After you have double-checked the logic on the script and uploaded that file to the Dataproc/Spark bucket, we can create our TaskGroup that would be in charge of creating a cluster with two workers (you can change this), submit a PySpark job to that cluster and after those two are done (failed or succeeded) delete the cluster (if you left the cluster running, it would be expensive).

    with TaskGroup(group_id='raw_to_quality_layer') as raw_to_quality_layer:
        create_cluster_raw = DataprocCreateClusterOperator(
            task_id='create_cluster_raw',
            project_id=PROJECT_ID,
            cluster_name=CLUSTER_RAW,
            num_workers=2,
            # we need a bucket to store files from the cluster
            storage_bucket=SPARK_BUCKET,
            region=REGION,
        )

        pyspark_job_raw_to_qty = {
            'reference': {
                'project_id': PROJECT_ID,
                'job_id': f"raw_to_qty_{uuid_run}"
            },
            'placement': {
                'cluster_name': CLUSTER_RAW
            },
            'labels': {
                'airflow-version': 'v2-4-1'
            },
            'pyspark_job': {
                # this is given by Google
                'jar_file_uris': ['gs://spark-lib/bigquery/spark-bigquery-latest_2.12.jar'],
                # Python script that uses PySpark
                'main_python_file_uri': 'gs://spark-final-project-bucket/0_raw_to_quality.py'
            }
        }

        tables_from_raw_to_quality = DataprocSubmitJobOperator(
            task_id='tables_from_raw_to_quality',
            project_id=PROJECT_ID,
            region=REGION,
            job=pyspark_job_raw_to_qty,
            gcp_conn_id=GOOGLE_CONN
        )

        delete_cluster_raw = DataprocDeleteClusterOperator(
            task_id='delete_cluster_raw',
            project_id=PROJECT_ID,
            cluster_name=CLUSTER_RAW,
            region=REGION,
            trigger_rule='all_done'
        )

        create_cluster_raw >> tables_from_raw_to_quality >> delete_cluster_raw

The missing tasks are similar to the last but involve different PySpark jobs, scripts and layers.
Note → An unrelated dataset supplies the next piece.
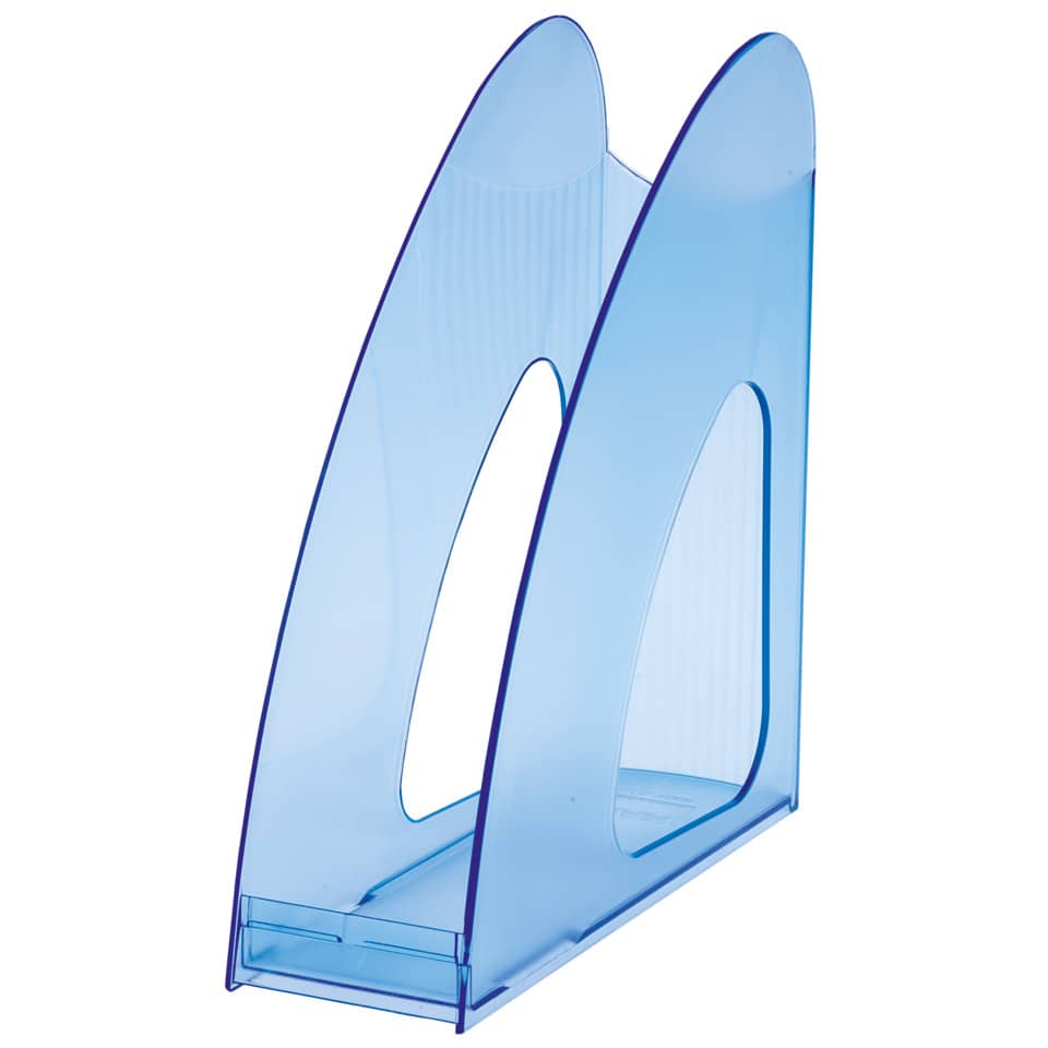 Stehsammler TWIN. Ideal zur Bestückung und Entnahme durch den niedrigen Rand. Verwendung für Papierformate bis C4. Material: hochwertiger, schwermetallfreier Kunststoff. Größe (B x H x T) : 76 x 26 x 239 mm. Höhe hinten: 257 mm. Farbe: transluzent-blau.

Finally, it'll create all the tables in the datasets in BigQuery (make sure to create the datasets first.)

After you have all the tasks defined, you need to set the dependencies of those tasks, and you do that in this manner.

# Order all task
(
    bash_task >> move_tables_to_raw_bucket >>  # noqa: W504
    create_tables_in_dtlk_raw >> raw_to_quality_layer >>  # noqa: W504
    quality_to_access_layer >> access_to_stage_layer >> stage_to_bus_layer
)

Eventually, when you have curated tables and views in the business layer, you can use those as a source in Data Studio to create a dashboard and generate insights for the business stakeholders.

How much did we spend, and how much will we spend?

Here we will measure the money (or credits, in this case) spent in GCS because I assume you already have a budget for the data sources and that you'll run Airflow locally; but if you want to use a real virtual machine as the pros do, use this link to earn 200 USD in credits in Digital Ocean as create your Droplet.

Earn 200USD on Digital ocean: Here

I developed this pipeline in 13 days, and I had to turn it off some days because I couldn't test it or I was struggling with a new feature, connection or Airflow task. So, how much did we spend on the development process? Although this billing report is not too useful, we could get an idea of which services we used and how much we could spend per month.

Nevertheless, we could use the Google Cloud Pricing Calculator to estimate our budget with the current data's volume and create an additional budget when the volume is ten times higher.

Current volume

Here you can see the details of the budget. And no worries if you can't reach that link; in the budgets folder under the repo, you can find the PDF generated.

10x Current Volume

Here you can see the budget details for ten times the current volume; this will require more processing time in the Compute Engines that Dataproc needs, double the workers (from two workers to four), and probably the cluster will be running for doubled the hours (probably more or less, depending on how efficient the scripts are).